Yes! that worked Thank you for the tip.

I disabled/enabled in the operator:

let ( <<<< ) selector (value:string) =
    canopy.configuration.optimizeByDisablingClearBeforeWrite <- false
    selector << ""
    canopy.configuration.optimizeByDisablingClearBeforeWrite <- true
    value.ToCharArray() 
    |> Array.map string
    |> Array.iter (fun character -> 
        //sleep 0.01
        selector << character)
    canopy.configuration.optimizeByDisablingClearBeforeWrite <- false

It is a bit slow though, it took 25 seconds even though sleep is commented out.

I am going to try with copy paste. Is there a way to send ctrl-c & ctrl-v?

lefthandedgoat commented 5 years ago

You would have to drop down to selenium for that. (never tried copy paste before)

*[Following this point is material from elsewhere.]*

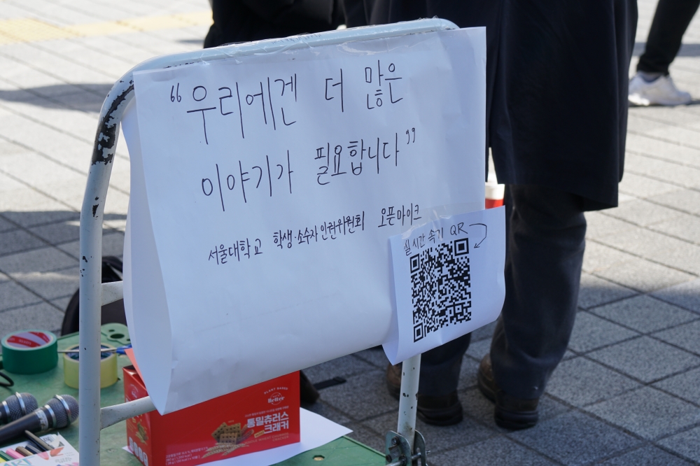 지난 18일 학생회관 앞에서 학생·소수자인권위원회(학소위)의 주최로 오픈마이크 행사 ‘우리에겐 더 많은 이야기가 필요합니다’가 열렸다. 이번 행사는 지난 5일 개최된 전체학생총회(학생총회)에서 논의되지 못한 것들에 대해 자유롭게 발언할 자리를 만든다는 취지로 마련됐다. 사전에 신청한 발언자들이 현 시국을 둘러싼 학생사회와 광장의 면면을 짚었다.
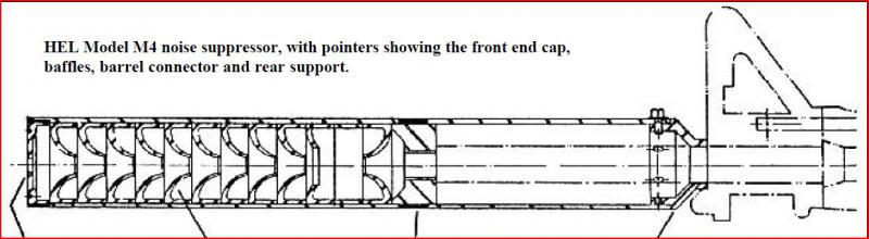 HEL E4A消声器的结构,可以看出包裹整根枪管的设计。虽然外形不一样,但OPS 3RD的后半段设计其实也差不多

You can use the element function to get an element, then call methods on it like in this SO post:

https://stackoverflow.com/questions/11750447/performing-a-copy-and-paste-with-selenium-2

amieres commented 5 years ago

Thank you!

amieres commented 5 years ago

OK this is my version using Copy/Paste on Windows. Its really fast!

let ( <<< ) selector (value:string) =
    someElement selector
    |> Option.iter (fun element ->
        System.Windows.Forms.Clipboard.SetText value
        element.Clear()
        element.Click()
        element.SendKeys(Keys.Control + "v")
    )
amirrajan commented 5 years ago

@amieres I'd strongly recommend not to use sleep if at all possible (haven't read the entire thread yet, just figured I'd throw my two cents in there).